:: Data extract ::

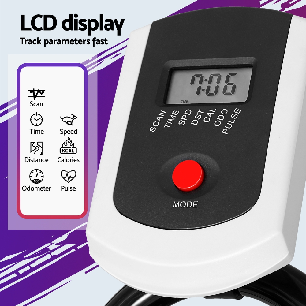 This spin bike is designed for effective cardio workouts at home, featuring a heavy flywheel for smooth and realistic riding. It offers adjustable resistance, a comfortable seat, and handlebars to accommodate various fitness levels. The digital monitor tracks key workout metrics, and the compact design allows for easy storage and transportation.
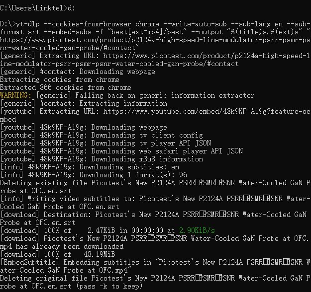 视频合成字幕:yt-dlp --cookies-from-browser chrome --write-auto-sub --sub-lang en --sub-format srt --embed-subs --yes-playlist -f "best[ext=mp4]/best" --output "OCP_Summit_Videos/%(title)s.%(ext)s" "https://www.youtube.com/playlist?list=PLAG-eekRQBSivcqzLQLnBtGpplX_4zvYm"
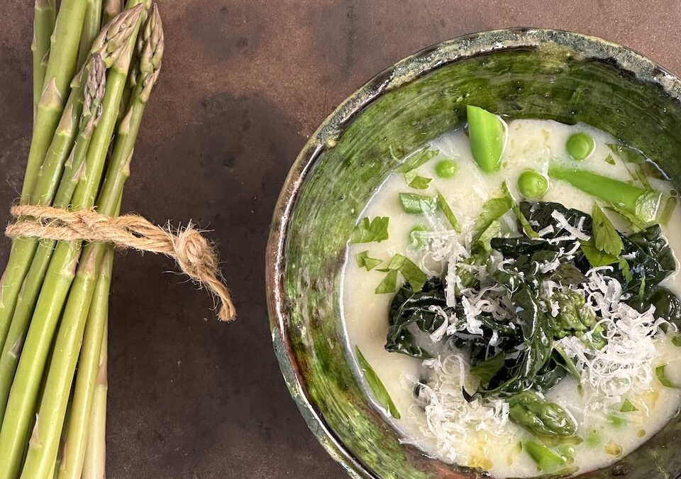 Creme af parmesan og konfiterede hvidløg med forårsgrønt
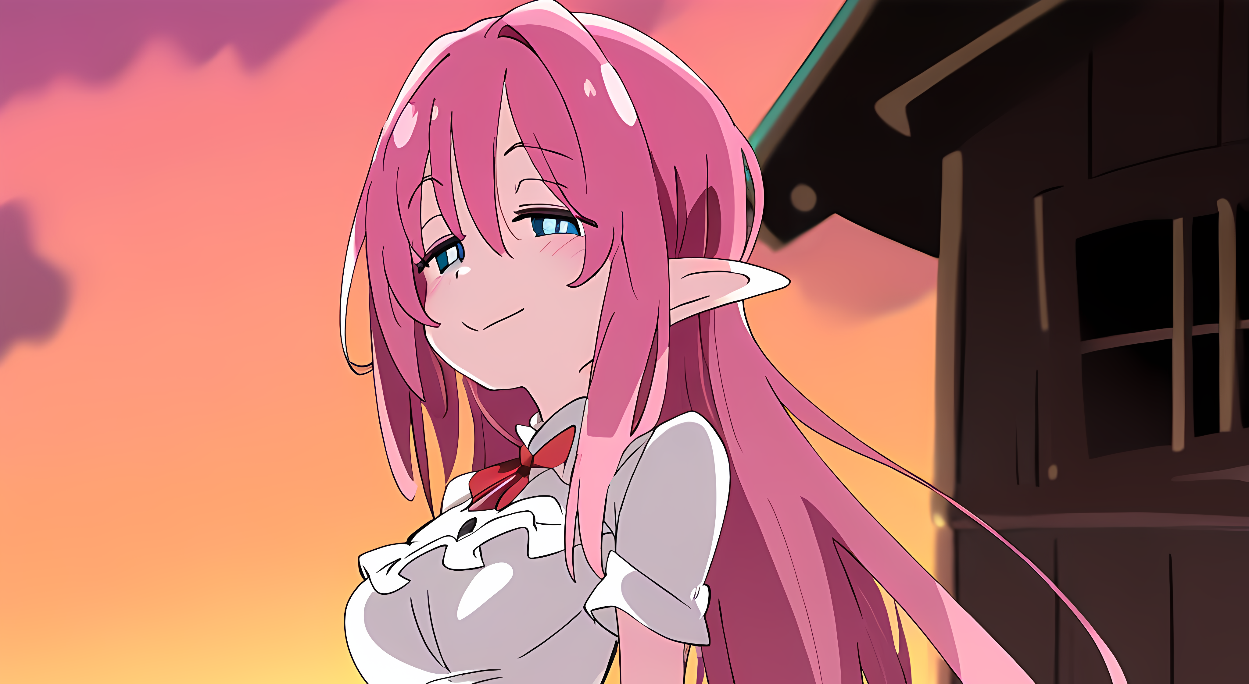 闭目微笑,抱着小雷克的粉发少女。在怀中静静地呼吸着,为自己的心意传达到了憧憬的人心中而喜悦释怀的男孩。这样一副画卷,在夕阳下是如此美好。
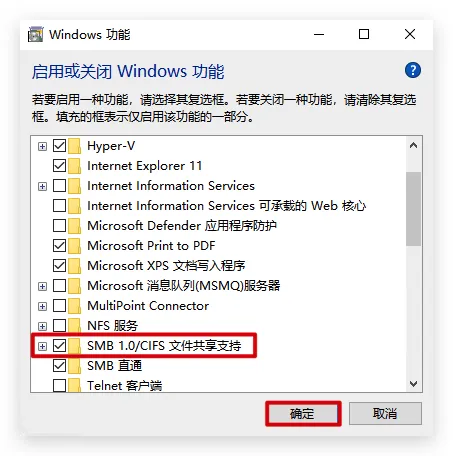 【笔记】Windows连接afp协议文件共享服务器 发表于 2024-12-26 更新于 2025-12-18 阅读次数: 前言Windows连接afp协议文件共享服务器 正文 控制面板->程序->程序和功能->启用或关闭 Windows 功能 勾选SMB 1.0/CIFS 文件共享支持->确定 等待安装完成 直接通过\\<ip>\<dir>访问 如果这个IP地址同时有SMB服务和AFP服务,那么会优先连接SMB服务 完成参考文献ihowto.tips
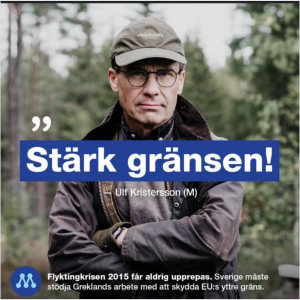 Måndagen 2 mars publicerade Moderaterna en bild i sitt instagramflöde där partiledaren Ulf Kristersson poserar i jaktkläder, med citatet “Stärk gränsen!” skrivet mitt över och texten “Fylktingkrisen 2015 får inte upprepas. Sverige måste stödja Greklands arbete med att skydda EU:s yttre gräns” skrivet längst ner. Bilden skapade stor uppståndelse i sociala medier eftersom fotografiet på Kristersson i kombination med budskapet tolkades som att Moderaterna stöttar tanken på att jaga och skjuta flyktingar Bilden byttes senare på eftermiddagen ut mot en med samma budskap, men där Kristersson istället bär kostym. Moderaterna menar att fotografiet inte är viktigt, utan enbart den politiska budskapet, och deras pressekreterare Siri Steijer säger att den första versionen “tog fokus” från den viktiga frågan.
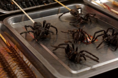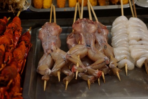 That evening we decided to go out and explore the night markets that happened to be right near our hotel. The snack street was bustling with locals and tourist loading up on a wide range of snacks including fried star fish on a stick, tarantulas and scorpions on a stick, and you guessed it…animal testicles! We also wandered down to another little night market close by, but didn't stay long as the smell there was unbearable and we also saw a few people rummaging and eating out of the dumpsters. It was a little scary and very sad.
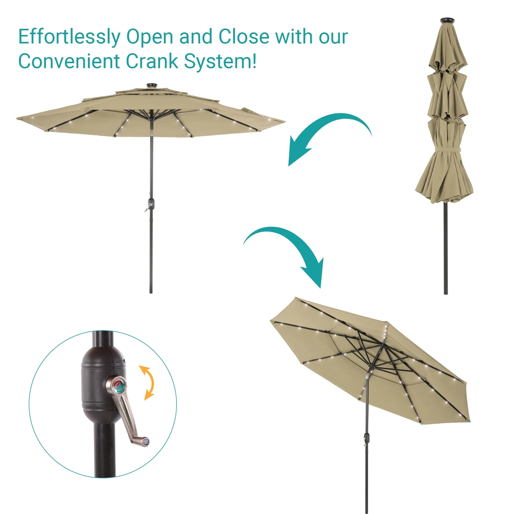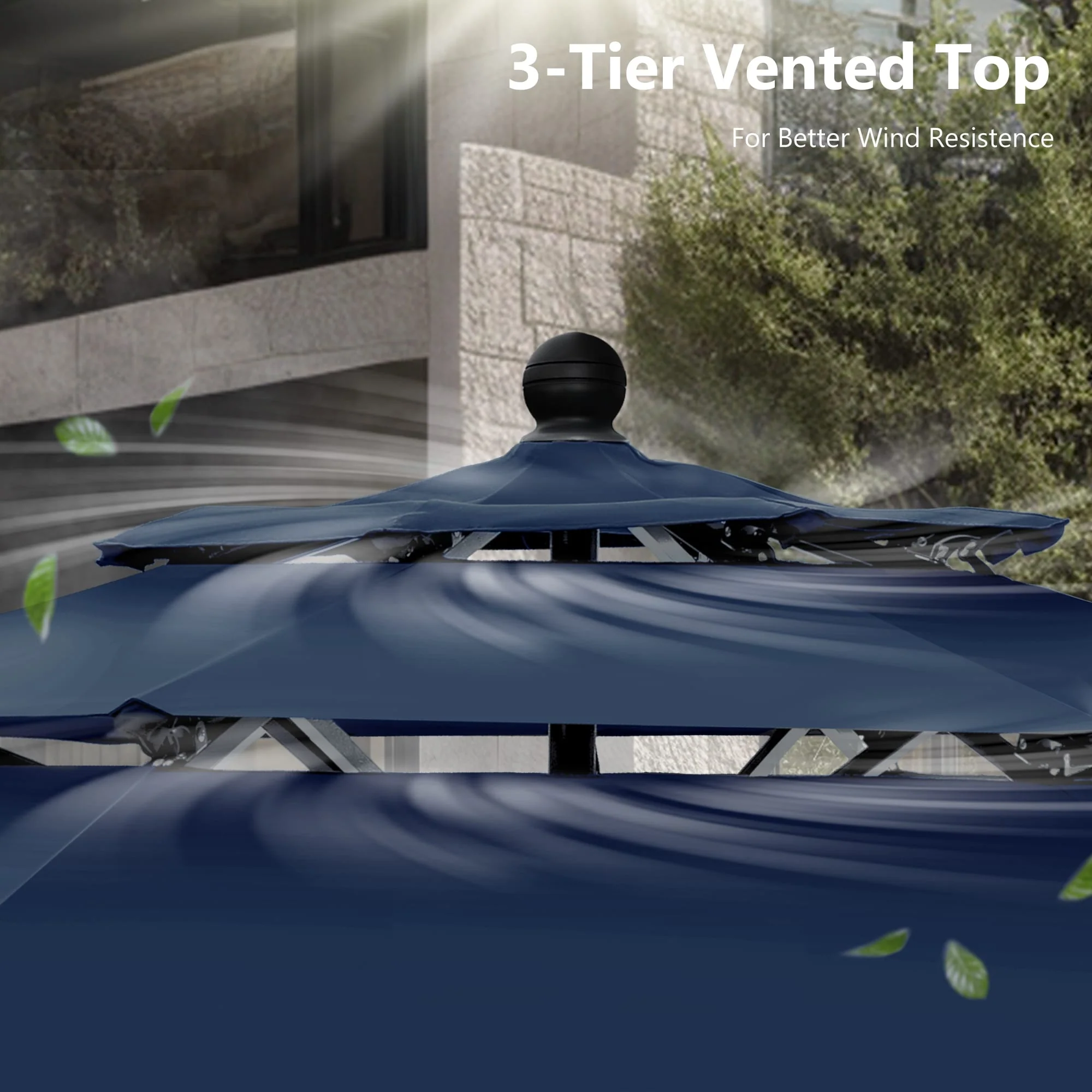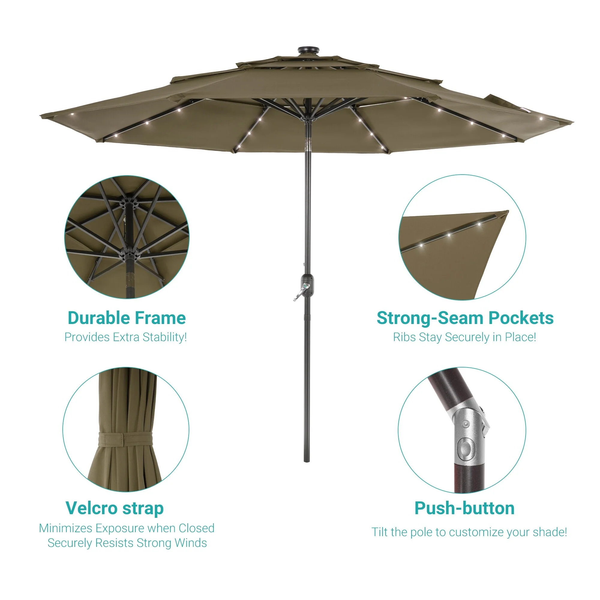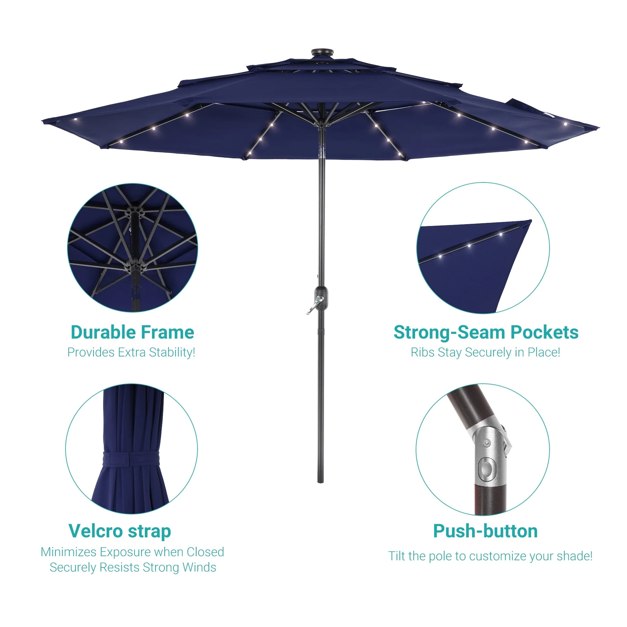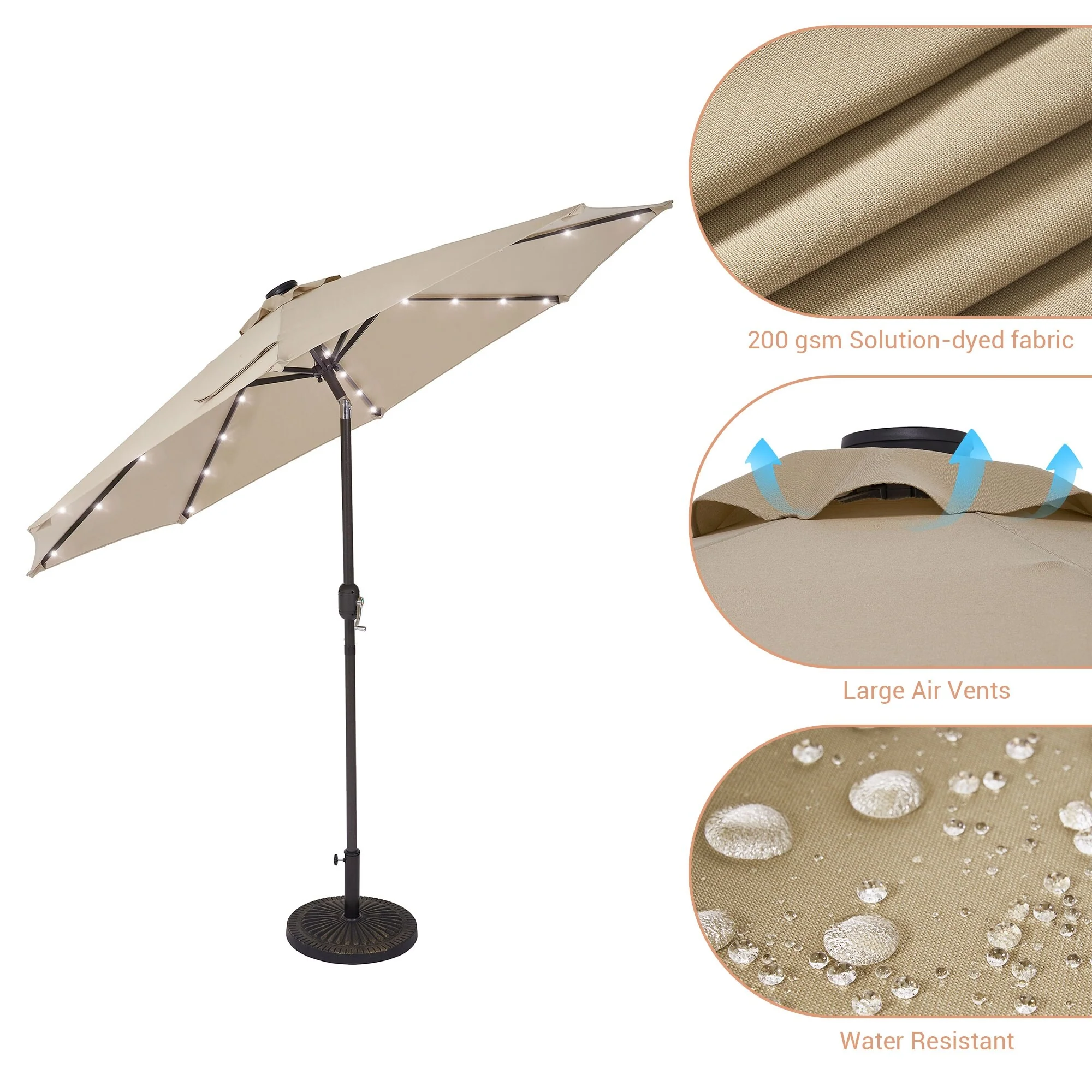 BONOSUKI 3 Tiers Patio Market Umbrella w/Solar Lights and Tilt button

:::

— Description of the task —
With the pictures omitted, print the lines above exactly, beginning at the line with "Creme af parmesan" and going on through the line with "发表于 2024-12-26 更新于".

— Solution for this task —
 Creme af parmesan og konfiterede hvidløg med forårsgrønt
 闭目微笑,抱着小雷克的粉发少女。在怀中静静地呼吸着,为自己的心意传达到了憧憬的人心中而喜悦释怀的男孩。这样一副画卷,在夕阳下是如此美好。
 【笔记】Windows连接afp协议文件共享服务器 发表于 2024-12-26 更新于 2025-12-18 阅读次数: 前言Windows连接afp协议文件共享服务器 正文 控制面板->程序->程序和功能->启用或关闭 Windows 功能 勾选SMB 1.0/CIFS 文件共享支持->确定 等待安装完成 直接通过\\<ip>\<dir>访问 如果这个IP地址同时有SMB服务和AFP服务,那么会优先连接SMB服务 完成参考文献ihowto.tips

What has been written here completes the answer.